(Beginning of Record excerpts)

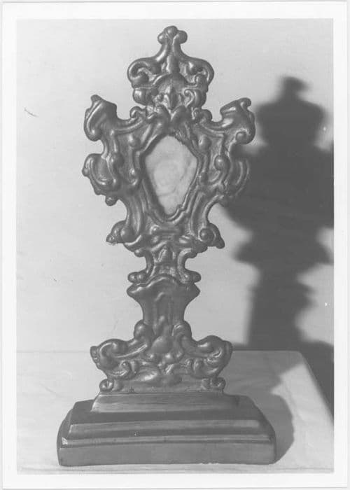 Reliquaire pédiculé décoré sur la seule face visible. Le pied est constitué d'un ensemble de volutes qui en compose la décoration. La monstrance est rhomboïde, avec angles arrondis et richement encadrée de volutes composant un décor de style rocaille surmonté d'un motif imitant une couronne.
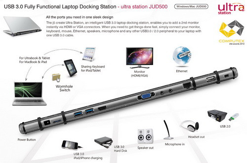A Computexen a j5create nevű cég olyan termékekkel állt elő, amely nem csak nekünk, de úgy tűnik, a szakmai zsűrinek is elnyerte a tetszését, ugyanis a JUD500 Ultra Station dokkolót kategóriájában Computex d&i (dizájn és innovációs) díjjal jutalmazták.
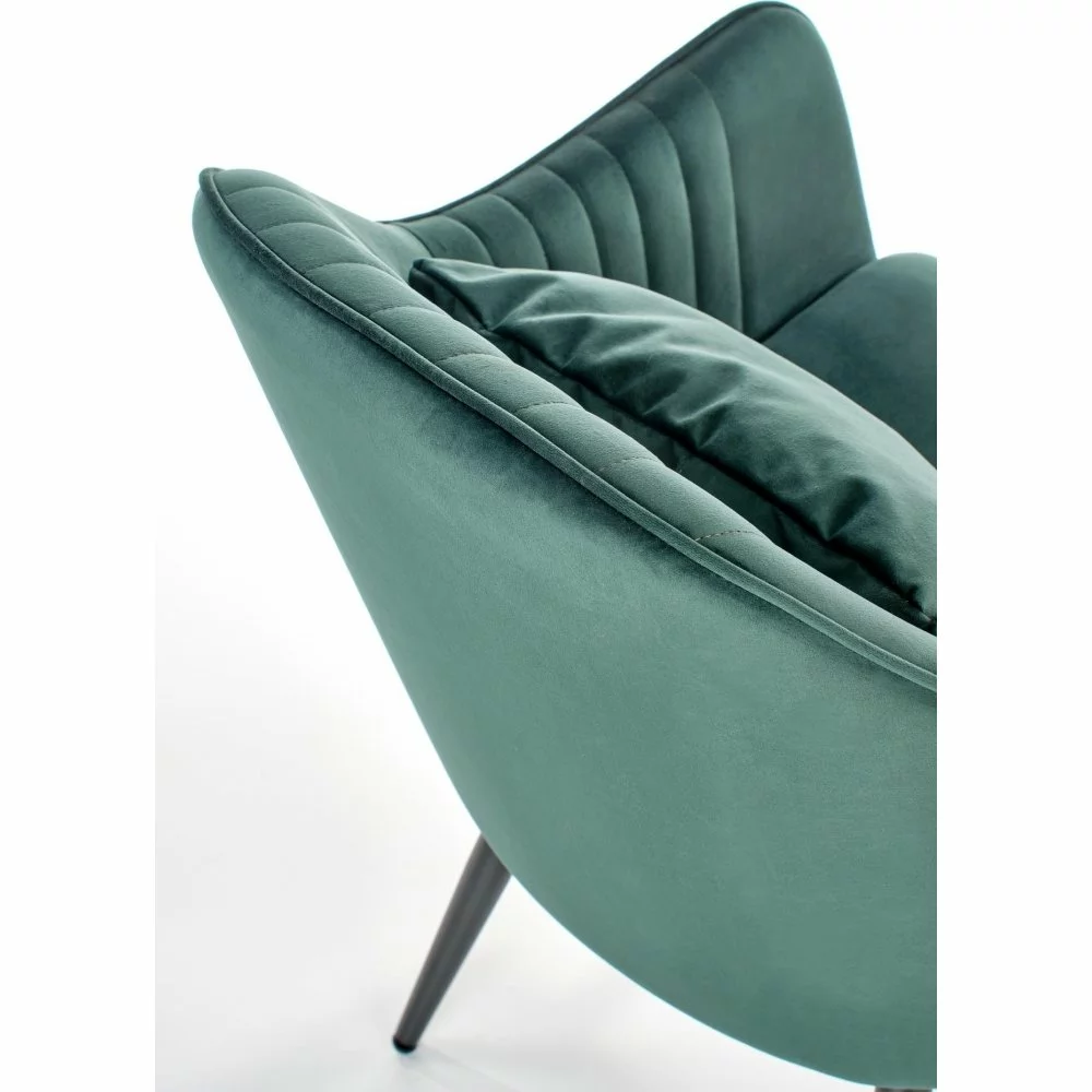 Teräksestä valmistettu nojatuoli, verhoilu samettia.
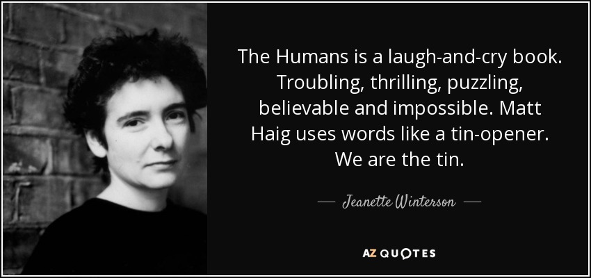 The Humans is a laugh-and-cry book. Troubling, thrilling, puzzling, believable and impossible. Matt Haig uses words like a tin-opener. We are the tin.
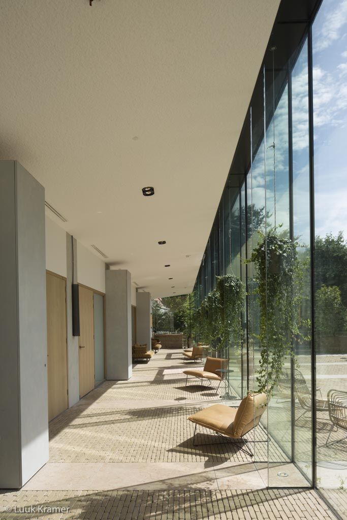 “Omdat de gevel van de twee nieuwe vleugels helemaal van glas is, wordt binnen en buiten vrijwel naadloos met elkaar verbonden. Dit wilden wij benadrukken door de bestrating van buiten letterlijk naar binnen door te trekken. Omdat de architectuur zelf zo sterk is wilden wij voorts een materiaal gebruiken dat kleinschaligheid en ‘persoonlijkheid’ toevoegt.

(End of Record excerpts)

Your objective:
Working down from the line with "Teräksestä valmistettu nojatuoli, verhoilu", copy each line exactly until the last line of the entries, which is also included. Omit the pictures.

Your response:
 Teräksestä valmistettu nojatuoli, verhoilu samettia.
 The Humans is a laugh-and-cry book. Troubling, thrilling, puzzling, believable and impossible. Matt Haig uses words like a tin-opener. We are the tin.
 “Omdat de gevel van de twee nieuwe vleugels helemaal van glas is, wordt binnen en buiten vrijwel naadloos met elkaar verbonden. Dit wilden wij benadrukken door de bestrating van buiten letterlijk naar binnen door te trekken. Omdat de architectuur zelf zo sterk is wilden wij voorts een materiaal gebruiken dat kleinschaligheid en ‘persoonlijkheid’ toevoegt.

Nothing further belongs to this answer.